His voice was weak and unsteady, and his
breathing rapid, short, labored.

As she folded the letter and closed the
port-folio the surgeon entered, and went
slowly from patient to patient — speaking
gently to some, and feeling cautiously at
the wrists of others who slept. At the
two last cots he lingered long, and his
benevolent face saddened as he noted the
change that a few hours had wrought.

“Dr.
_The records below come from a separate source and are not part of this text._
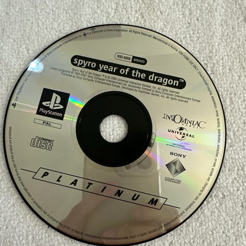 PS1-peli Spyro 2, Platinum-versio. Heikossa kunnossa - kotelo aika lailla päreinä, ohjeet puttuu ja levy on pahasti naarmuilla. Sen verran testattu, että pelin intro ja aloituskenttä toimivat ok, mutta musiikit ja audio-dialogit pätkivät. Kokeiltu Pleikkari kolmosella.
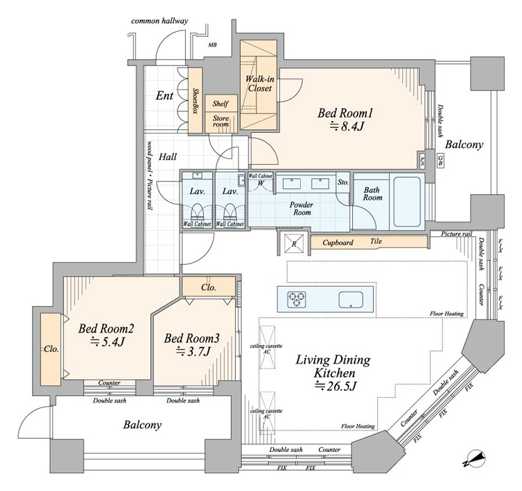 26.5帖の広々としたLDKは、窓面積が大きく光がたっぷり差し込み、室内を明るく彩ります。折り上げ天井が空間の広がりを演出し、床暖房が足元から暖かさを届けます。リビング・ダイニングとしての使い勝手も良く、家族やゲストと快適に過ごせる設計です。
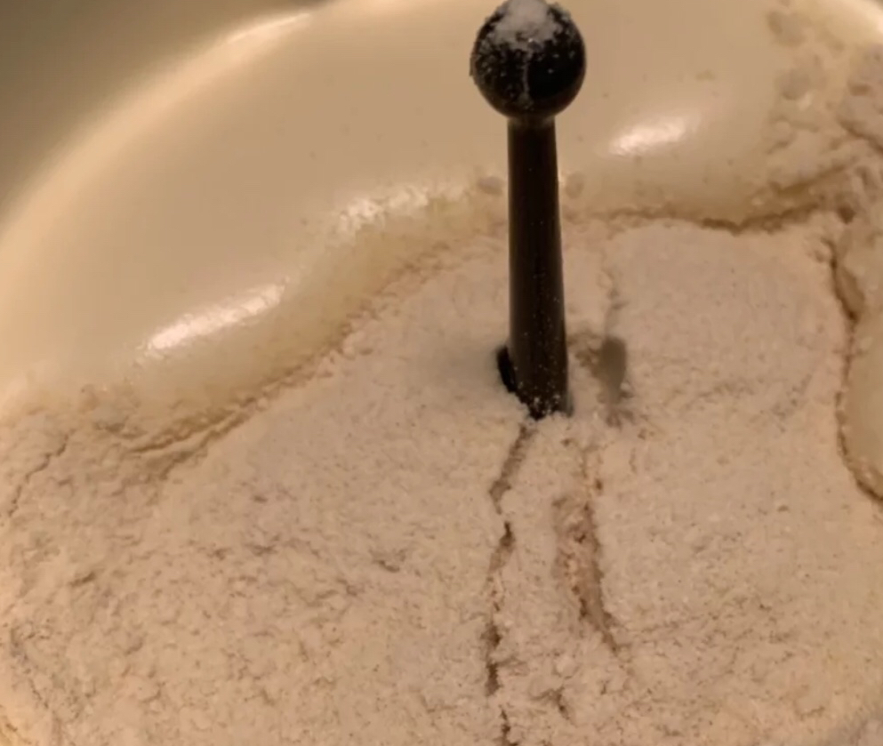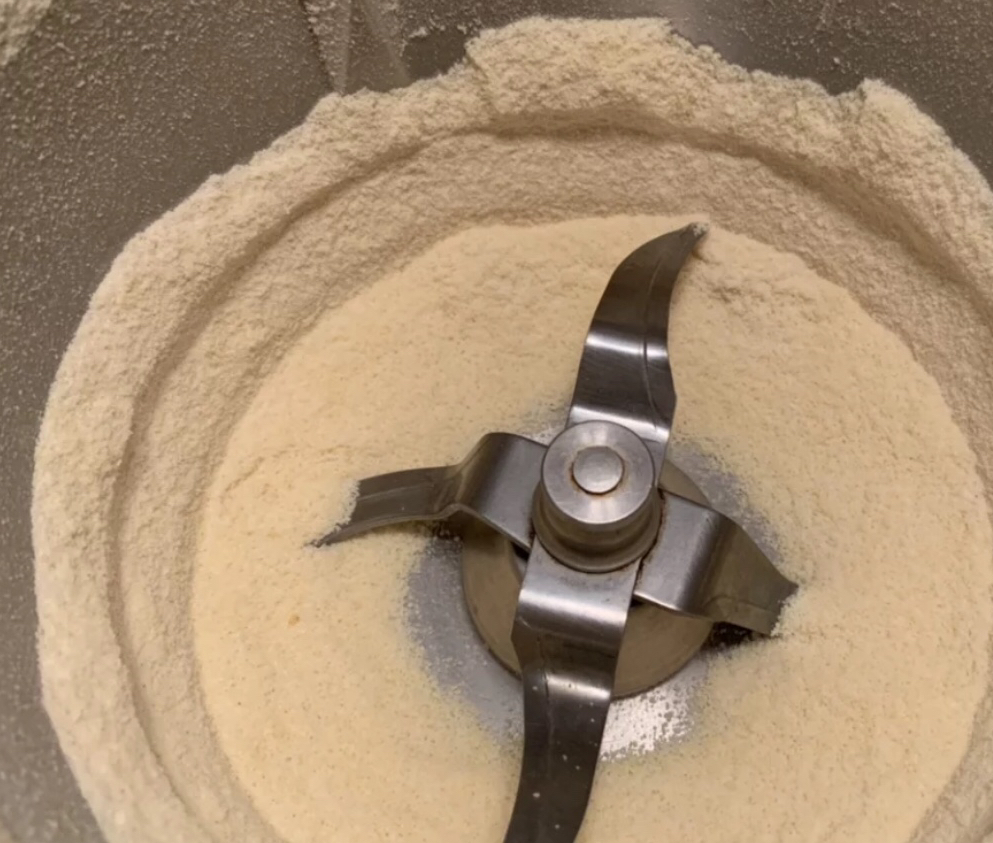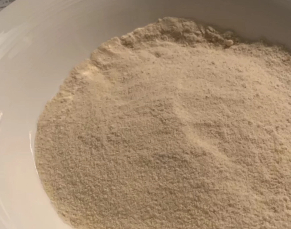 4.打磨成细沙状倒入容器内,然后将锅刷洗干净,要保证国内没有一丁点水分
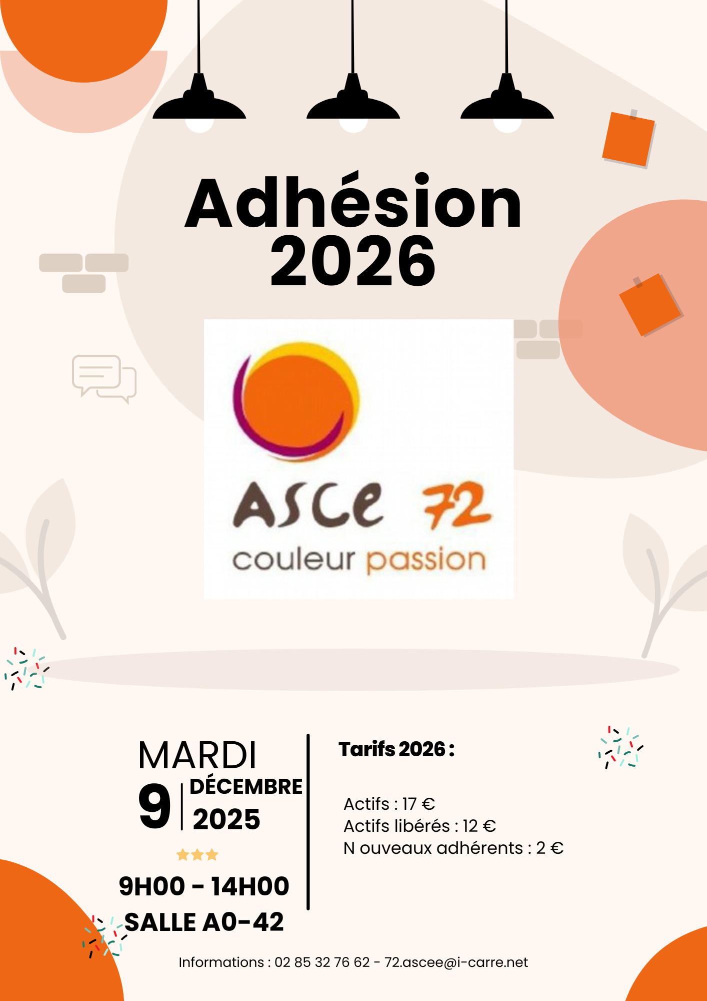 L’ASCE 72 lance sa campagne d’adhésion pour 2026, le 09/12/2025.
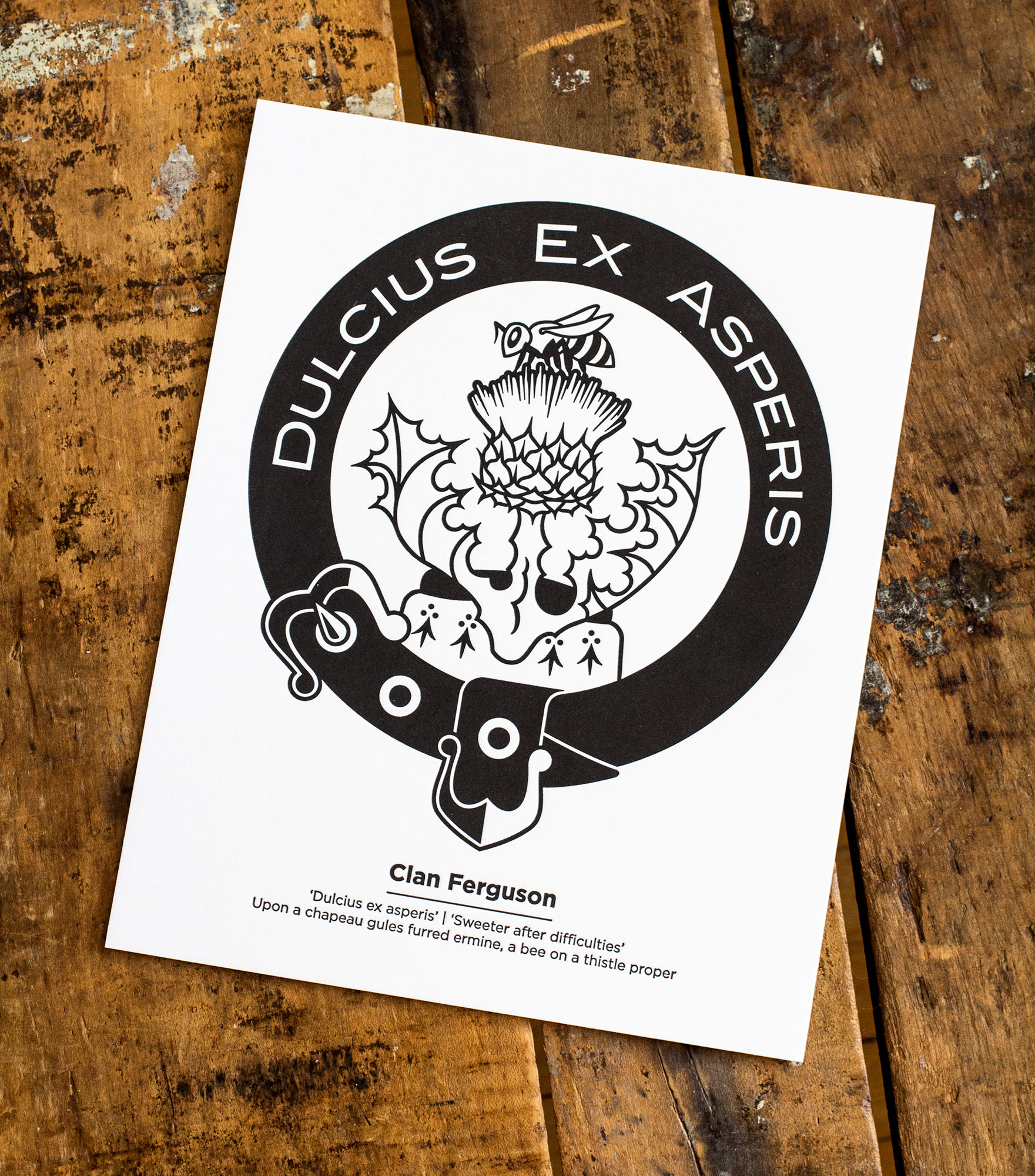Art direction & illustration based on traditional elements of the Ferguson crest.
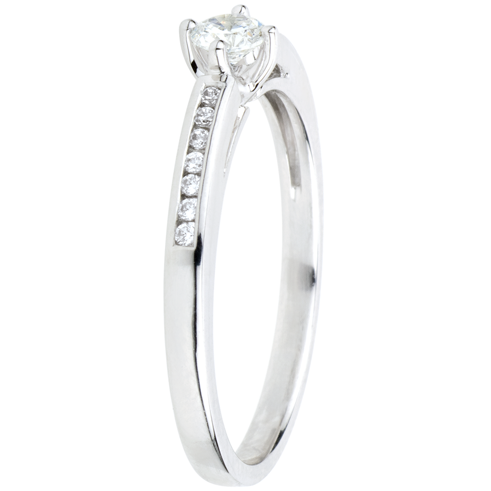 Pierścionek Boskość z jednym diamentem oprawionym w 4 krapy - złoto białe 9-karatowe
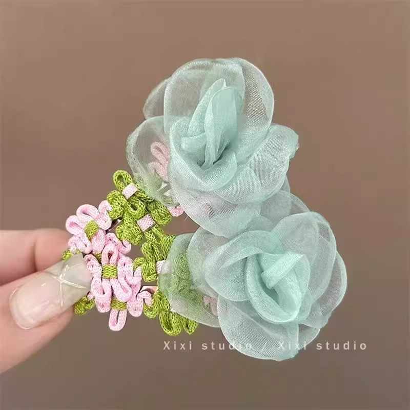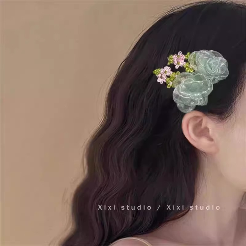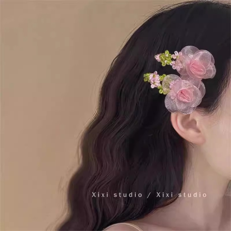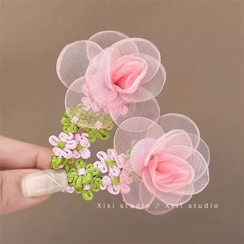 超仙网纱花朵发夹甜美粉色头花氛围感刘海夹侧边BB夹新款蓝色黑色
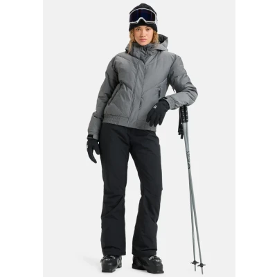 Roxy Snow Shimmer insulated ski jacket for women. An insulated outer layer designed for skiing and general winter use, combining weather protection with a regular, easy fit. The jacket is built from a 3 layer breathable fabric blend of polyester and nylon with a durable water repellent finish. It has a waterproof rating of 10 000 mmH2O and a breathability rating of 5 000 g/m²/24h. The membrane and fabric construction provide reliable protection from snow and light to moderate rain while allowing moisture to escape during activity. The DWR treatment is PFC free. Functional details focus on weather sealing and comfort. The high collar and fixed hood give added protection against wind and falling snow. The insulated construction provides warmth without excessive bulk, making the jacket suitable for layering over base and mid layers on colder days. The regular fit offers freedom of movement for skiing and other winter sports. Overall the Roxy Snow Shimmer insulated ski jacket for women presents a practical balance of insulation, waterproofing and breathability, suitable for resort days and everyday winter wear.
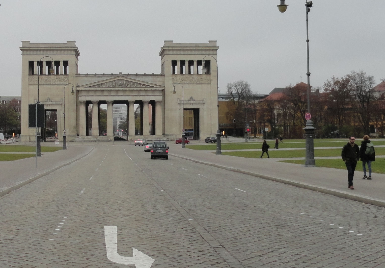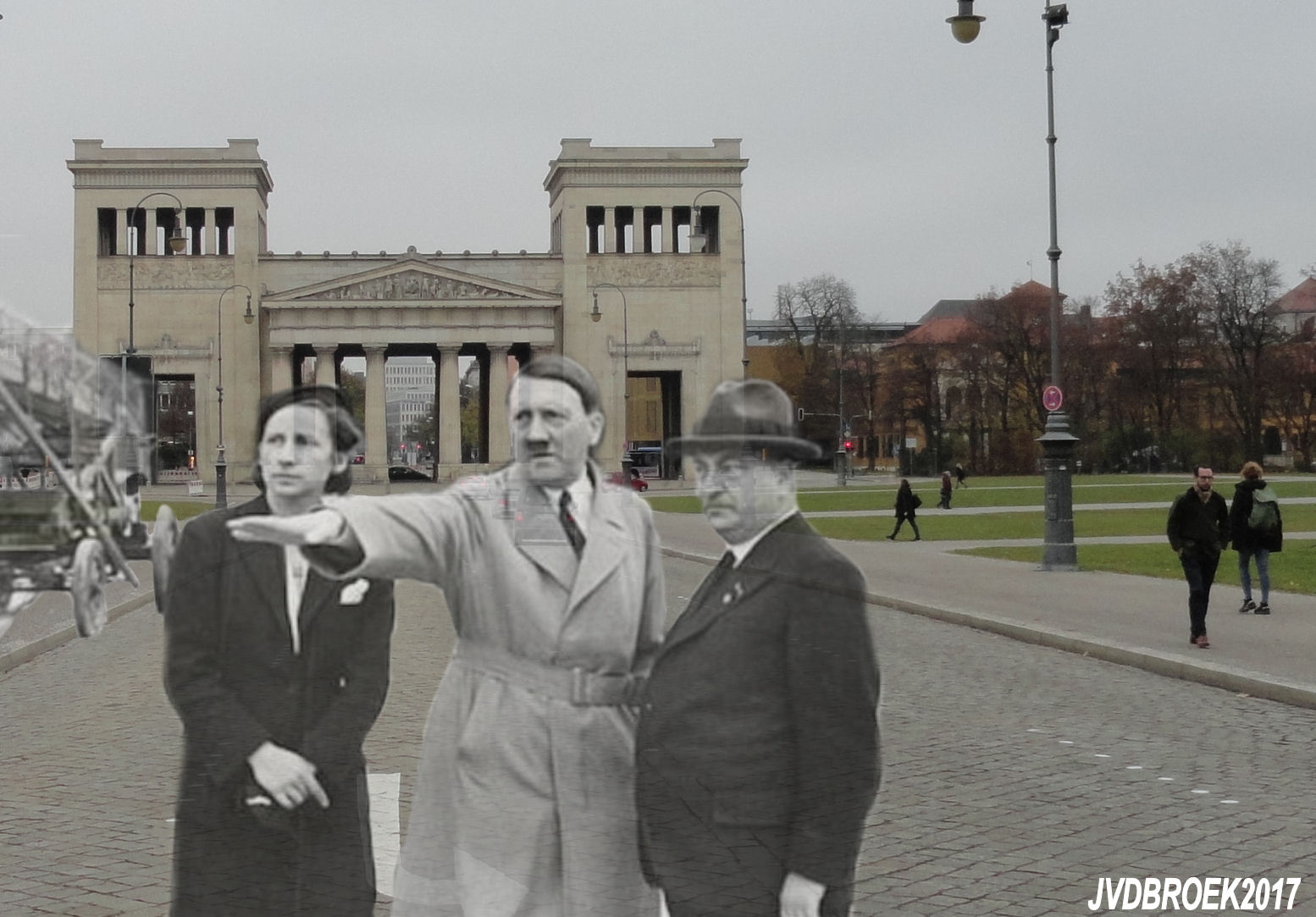 Hitler with the architect Paul Ludwig Troost and his wife at the Königsplatz.
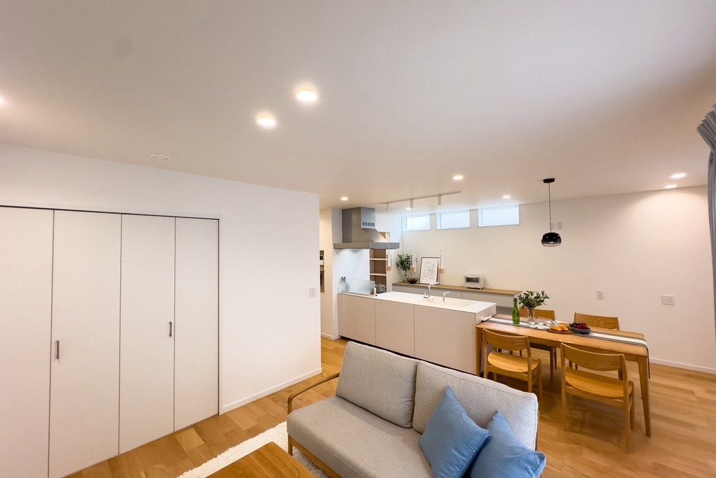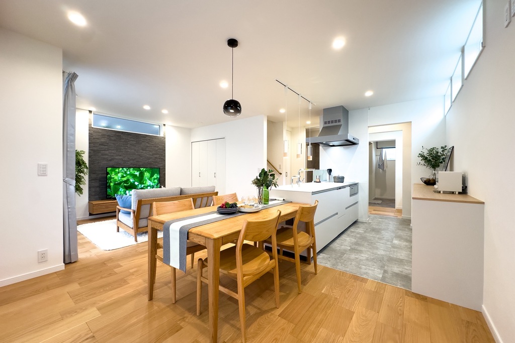 ● この見学会では、オークの優しい木目を使用した内装や、人気のアイランドキッチン、使いやすい回遊動線のリビングを体感できます。

Whitmore, I have been giving Mr.
Wheeler strong eggnog this afternoon.”

“All perfectly right, and let him have
the ammonia as often as his pulse indicates
need of it.”

He sighed heavily, and she followed him into
the passage.

“After all, Miss Huntingdon, we shall
lose them both. I had such strong hope of
young Walton yesterday; but it is of no use;
he will not live till morning. Poor fellow!
It is too bad! too bad!”

“Can we do nothing more?'”

“Nothing. I have racked my brain, exhausted
my remedies. Wheeler, too, is sinking
very rapidly, and you must stimulate him
constantly. These typhoid-pneumonia cases
are disheartening. By the way, you are
over-taxing your strength. Let me send
Martha down here to relieve you to-night.
For forty-eight hours you have not closed
your eyes. Take some rest to-night; your
presence can do no good now.”

“I prefer to remain; how are the cases up-stairs?”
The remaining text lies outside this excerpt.